Dynamical Variational Monte Carlo as a quantum impurity solver: Application to Cluster Dynamical Mean-Field Theory

TL;DR

This paper introduces a dynamical variational Monte Carlo impurity solver for cluster dynamical mean-field theory, capable of handling larger systems efficiently and improving the accuracy of strongly-correlated electron system simulations.

Contribution

The paper develops and benchmarks a new impurity solver based on dynamical variational Monte Carlo, extending the system sizes accessible in CDMFT beyond current methods.

Findings

Successfully benchmarks the solver against exact diagonalization for small clusters.

Achieves results consistent with the exact solution in the thermodynamic limit.

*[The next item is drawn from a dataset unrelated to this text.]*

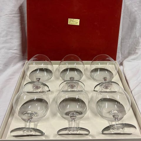 Sæt af 6 Baccarat Vega krystalglas med base underskrevet Baccarat France, højde 23 cm og diameter 8 cm, i fremragende stand og aldrig brugt. Klik på den blå "gå til varen" knap, for at købe eller byde på denne vare. Den samlede pris vil blive vist inden du afgiver dit bud.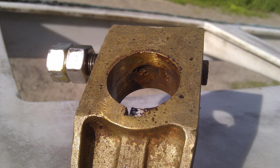 The first picture is after just a few taps; the rudder had dropped about 3/4". A few more taps and I was able to press the rudder out of the rudder box. In the 2nd picture you can see the cut out in the side of the stud. There was still a bit of crud in the assembly....neglected to clean it prior to taking a picture.

Demonstrates the solver's potential for studying larger, more complex systems.

Abstract

Two of the primary sources of error in the Cluster dynamical mean-field theory (CDMFT) technique arise from the use of finite size clusters and finite size baths, which makes the development of impurity solvers that can treat larger systems an essential goal. In this work we introduce an impurity solver based on the recently developed dynamical variational Monte Carlo (dVMC) method. Variational Monte Carlo possesses a favorable scaling as a function of system size, which enables the treatment of systems beyond the reach of current exact diagonalization solvers. To benchmark the technique, we perform a systematic set of CDMFT calculations on the one-dimensional Hubbard model. We compare to results obtained with an exact diagonalization solver for small clusters, and against the exact solution in the thermodynamic limit obtained by Lieb and Wu for larger clusters. The development of improved impurity solvers will help extend the reach of quantum cluster methods, which can be applied to a wide range of strongly-correlated electron systems, promising new insights on their emergent behavior.